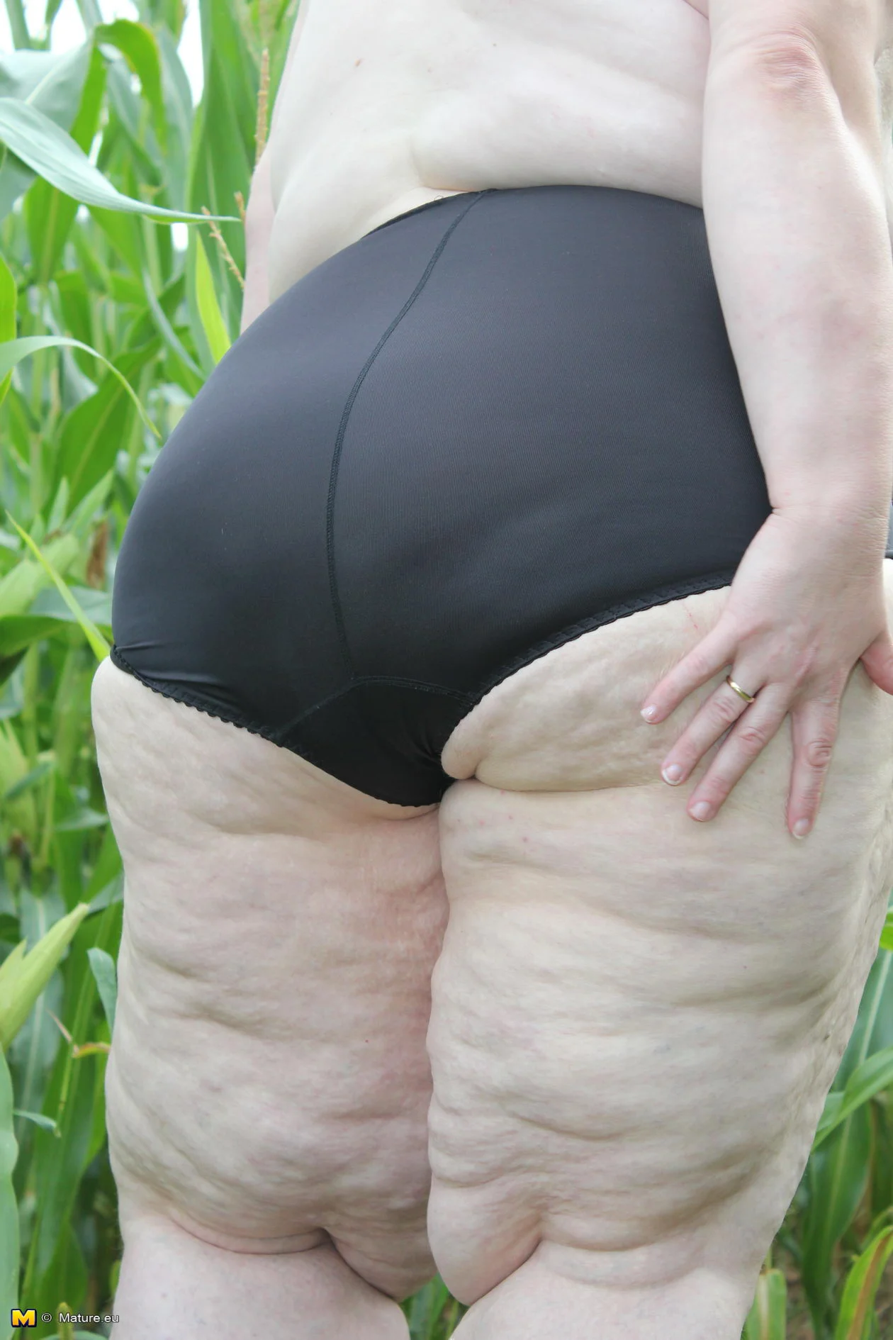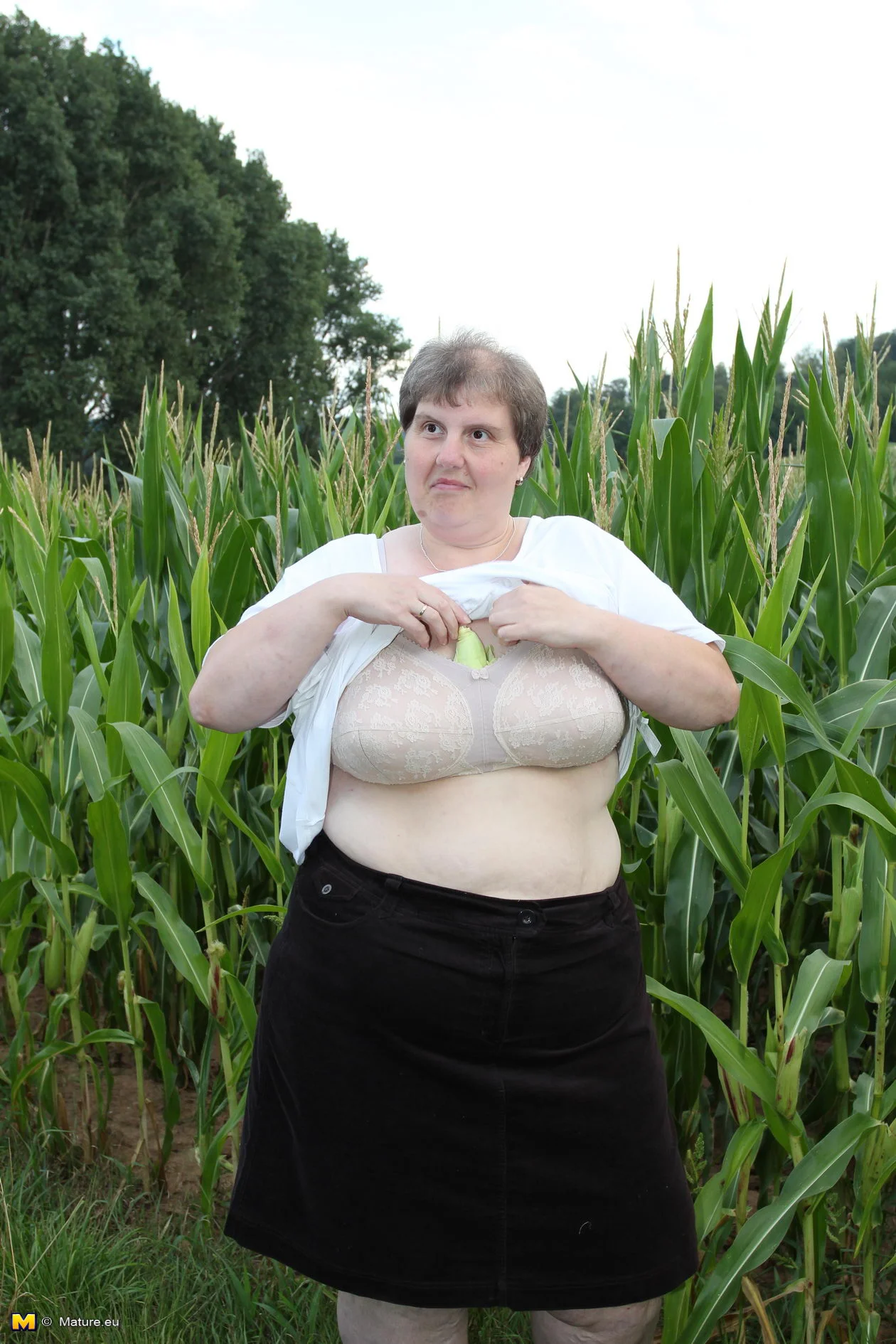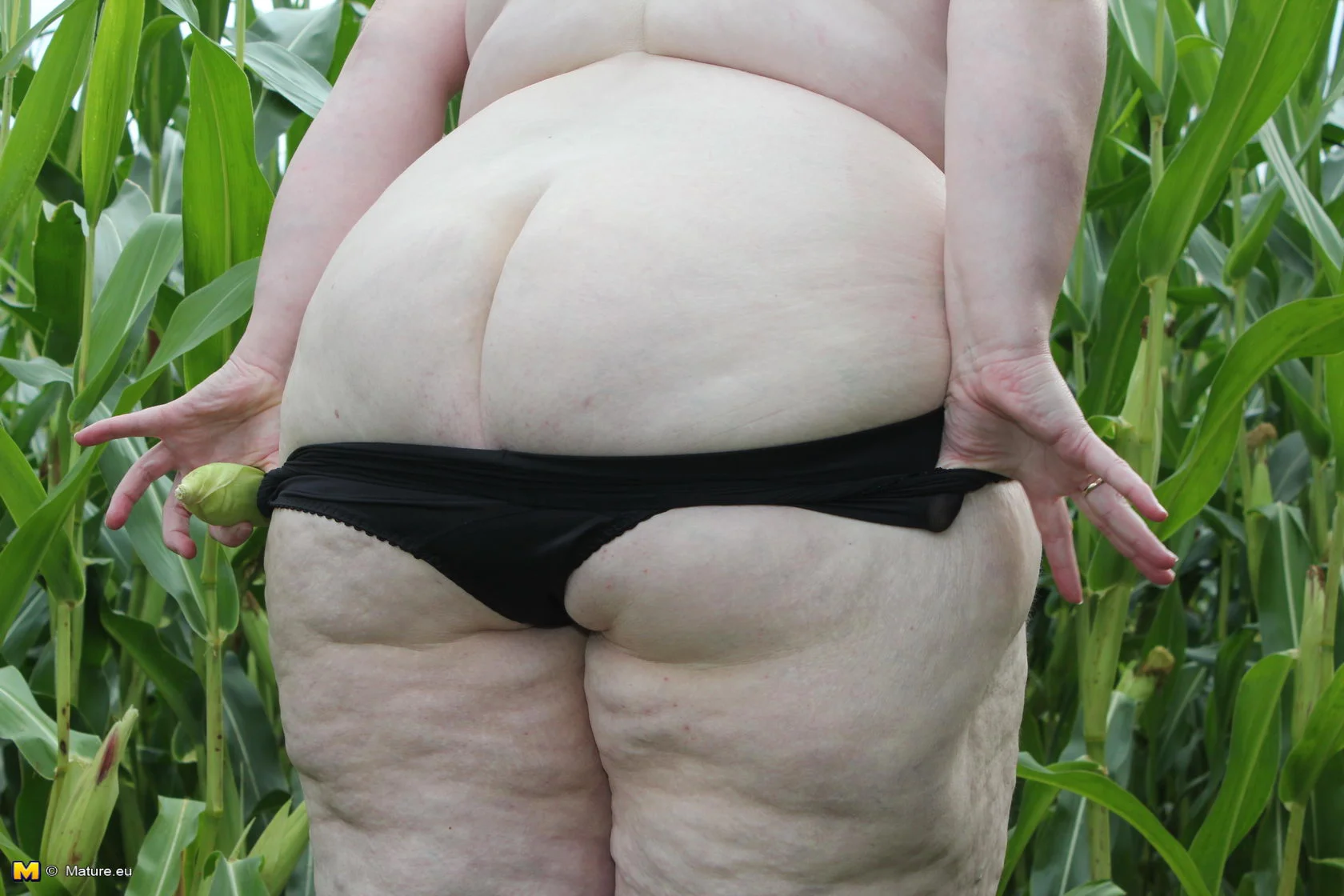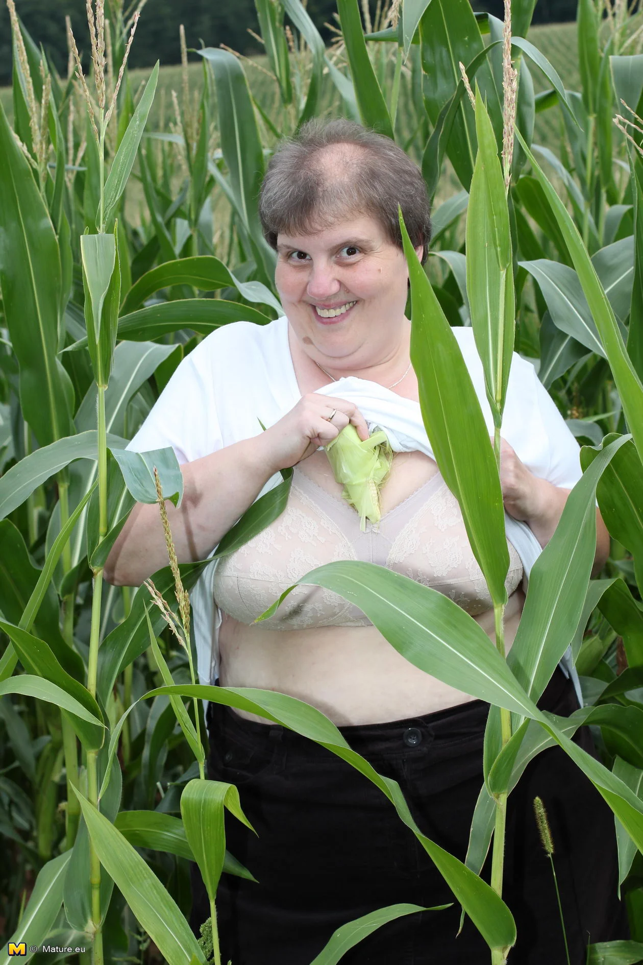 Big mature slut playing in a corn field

* * * * * * *

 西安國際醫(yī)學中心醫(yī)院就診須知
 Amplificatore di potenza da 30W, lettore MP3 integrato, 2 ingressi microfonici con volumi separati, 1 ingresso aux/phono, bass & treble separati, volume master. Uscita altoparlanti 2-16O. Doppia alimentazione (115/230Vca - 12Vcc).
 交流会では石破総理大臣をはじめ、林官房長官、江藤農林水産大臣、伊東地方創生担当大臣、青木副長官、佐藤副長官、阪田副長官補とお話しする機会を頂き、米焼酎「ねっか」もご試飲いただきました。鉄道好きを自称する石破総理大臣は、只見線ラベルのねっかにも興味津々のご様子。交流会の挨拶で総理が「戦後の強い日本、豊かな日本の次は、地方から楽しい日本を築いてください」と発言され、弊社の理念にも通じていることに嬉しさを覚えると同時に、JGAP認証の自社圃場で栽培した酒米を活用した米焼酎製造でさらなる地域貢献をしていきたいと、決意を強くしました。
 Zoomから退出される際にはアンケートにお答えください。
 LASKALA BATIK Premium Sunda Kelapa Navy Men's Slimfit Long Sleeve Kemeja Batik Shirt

* * * * * * *

**AIM OF THE EXERCISE:**
All that belongs in the answer is the run of lines above from the line containing "Zoomから退出される際にはアンケートにお答えください。" through the line containing "LASKALA BATIK Premium", exactly as written.

**SOLUTION:**
 Zoomから退出される際にはアンケートにお答えください。
 LASKALA BATIK Premium Sunda Kelapa Navy Men's Slimfit Long Sleeve Kemeja Batik Shirt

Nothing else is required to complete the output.